The Baxters employed Pearce and High on MW80 to carry out certain works at their home in Farringdon. Following practical completion, the architect issued interim certificate no. 5, which the employer did not pay. The contractor commenced proceedings in Oxford County Court, claiming payment of that certificate and additional sums. The employer, in its defence and counterclaim, relied on various defects in the work that had been carried out. Although the defects liability period had by that time expired, neither the architect nor the employer had notified the contractor of the defects. The Recorder held that clause 2.5 was a condition precedent to the recovery of damages by the employer, and further stated that it was a condition precedent that the building owner has notified the contractor of patent defects within the defects liability period. The employer appealed and the appeal was allowed. Lord Justice Evans stated that there were no clear express provisions within the contract which prevented the employer from bringing a claim for defective work, regardless of whether notification had been given. He went on to state, however, that the contractor would not be liable for the full cost to the employer of remedying the defects, if the contractor had been effectively denied the right to return and remedy the defects itself.

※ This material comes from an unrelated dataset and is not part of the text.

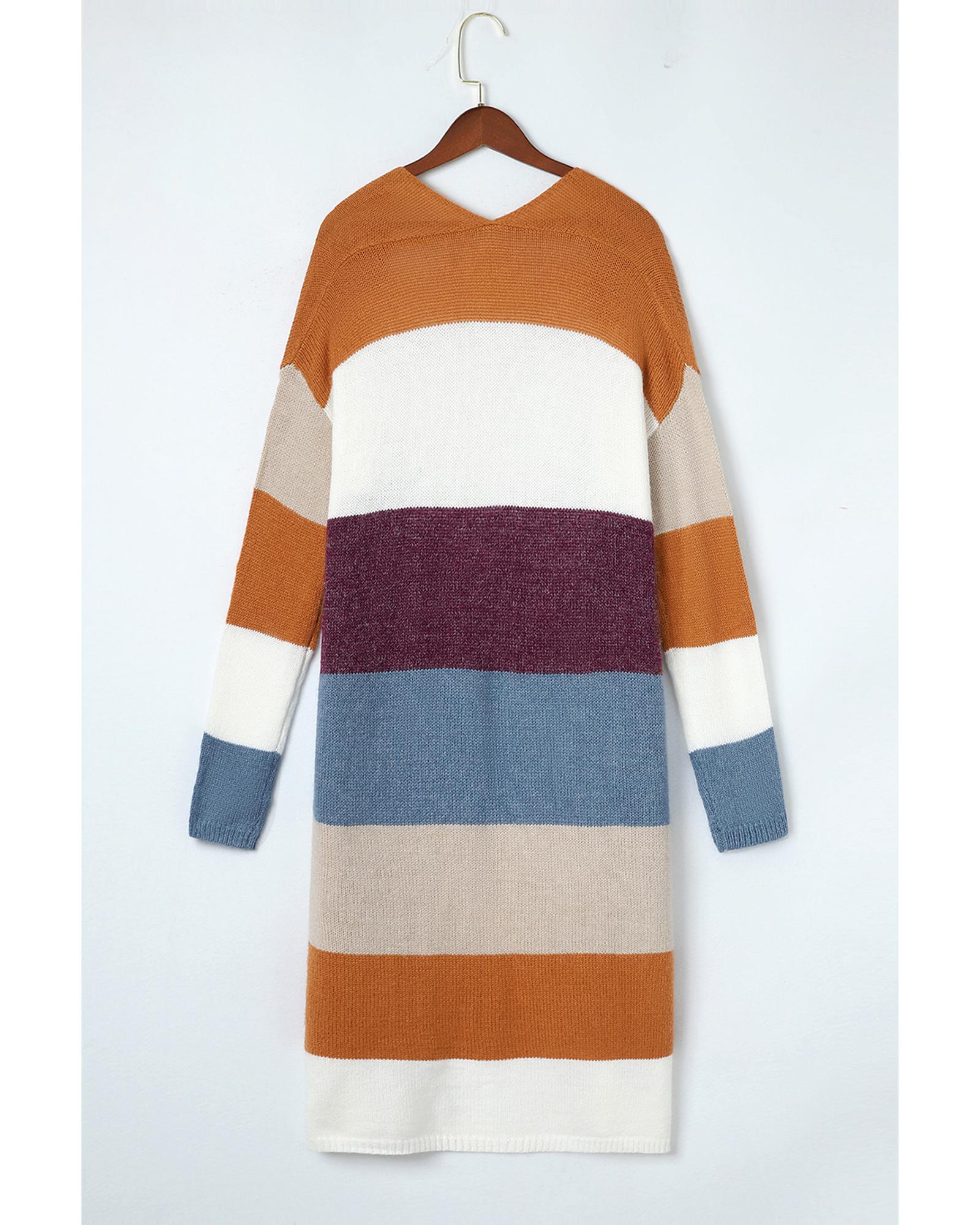 Azura Exchange Multicolor Colorblock Open Front Long Knit Cardigan – L

5.74 If an instruction to make good defects is issued, the contractor must comply ‘within a reasonable time’ (cl 2.38). Unless causing unacceptable problems, defects that appear during the rectification period are normally left until after the expiration of the period. The power to instruct ends at the time the schedule of defects is issued or 14 days after the end of the rectification period.

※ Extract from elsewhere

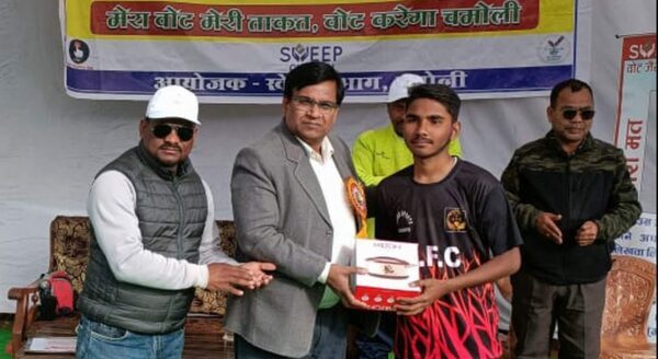 इससे पूर्व पहले प्रथम मुकाबले में जीएफसी0 गोपेश्वर ने प्रशासन चमोली को 5-1 से पराजित किया। मैच के दौरान विजेता टीम की ओर से दीक्षांत ने मैच के दूसरे और 10वें मिनट में दो व अजय राज ने 27वें मिनट व 29वें मिनट दो गोल तथा अंश ने 23वेंं मिनट में एक गोल किया। दूसरा मैच में हिमालयन बॉइज ने पीजी कॉलेज गोपेश्वर को 7-1 से पराजित कर अगले चरण में प्रवेश किया, जिसमें विजेता टीम की ओर से मनीष ने 4वें मिनट, राहुल ने 24वें मिनट में क्रमशः 1-1 गोल, विशाल ने मैच के 25वें व 26वें मिनट में दो व दीपक ने 30वें व 21वें मिनट दो गोल तथा अनश ने 23वेंं मिनट में एक गोल का योगदान दिया। दूसरी ओर राजकीय पॉलिटेक्निक संस्थान गौचर की ओर से मेला मैदान में क्रिकेट स्पर्धा का आयोजन कर युवा मतदाताओं को शत प्रतिशत मतदान के लिये जागरूक किया। जबकि रोपा, चलथर, गैरसैंण सहित विभिन्न स्थानों पर मतदाता गोष्ठी आयोजित कर मतदाताओं का शपथ दिलाई गई। इस अवसर पर स्वीप के सह समन्वयक डा. दर्शन नेगी, आरपी सती, खेल विभाग के वीएस चौधरी, एनएस नेगी, राजपाल सिंह, रमेश पंखोली, दिव्या सती कैलखुरा, संगीता नेगी, नवीन कुंवर, आशीष कुमार, देवेन्द्र सिंह, विक्रम सिंह, लखपत सिंह आदि मौजूद थे।

5.75 The contract administrator has a duty under clause 2.38.1 to issue a schedule of defects not later than 14 days after the end of the rectification period, the only point where the contract requires the contract administrator to issue such a schedule. The schedule is issued in the form of an instruction, and the contractor is required to rectify the defects within a reasonable time. If the contract administrator, with the agreement of the employer, decides to accept the defective work then this should be clearly shown in the instruction, and under clause 2.38 an appropriate deduction is made from the contract sum (cl 4.14.3). Care should be taken to establish the full extent of the problem before such a course of action is taken, as it is unlikely that the employer would thereafter be able to claim for consequential problems or further remedial work. In particular, if the work was stated to be ‘to approval’ in the contract documents, this will have implications for the final certificate (see paragraphs 7.48–7.51) which should be resolved before the work is accepted.

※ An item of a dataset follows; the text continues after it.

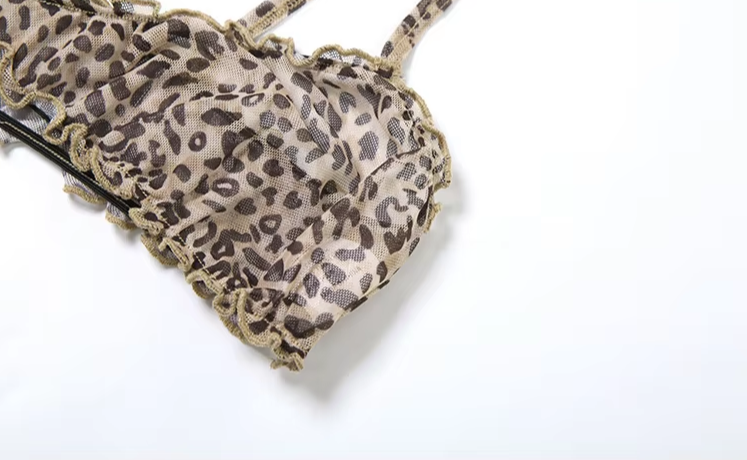 See Through Women 2 Piece Set Sexy Leopard Print Summer Ruffles Camisole+Shorts Vacation Matching Clubwear Outfits

5.76 Once satisfied that all the defects have been made good, the contract administrator must issue a certificate to that effect (a ‘Certificate of Making Good’) (cl 2.39). The certificate is one of the preconditions to the issue of the final certificate. The contract does not state what should happen in respect of defects which appear after the issue of the certificate but before the issue of the final certificate. It is, however, clear from clause 2.38 that the contract administrator no longer has the power to instruct that these are made good. It is suggested that in such circumstances there would be two possible courses of action. The first would be to make an agreement with the contractor to rectify the defects before the final certificate is issued. If the contractor refuses to do this, an amount could be deducted from the contract sum to cover the cost of making good the work, but this would involve some risk to the employer. The second and less risky course would be to have the defective work rectified by another contractor, and to deduct the amount paid from the contract sum. This would involve a delay to the issue of the final certificate and would probably be disputed by the contractor.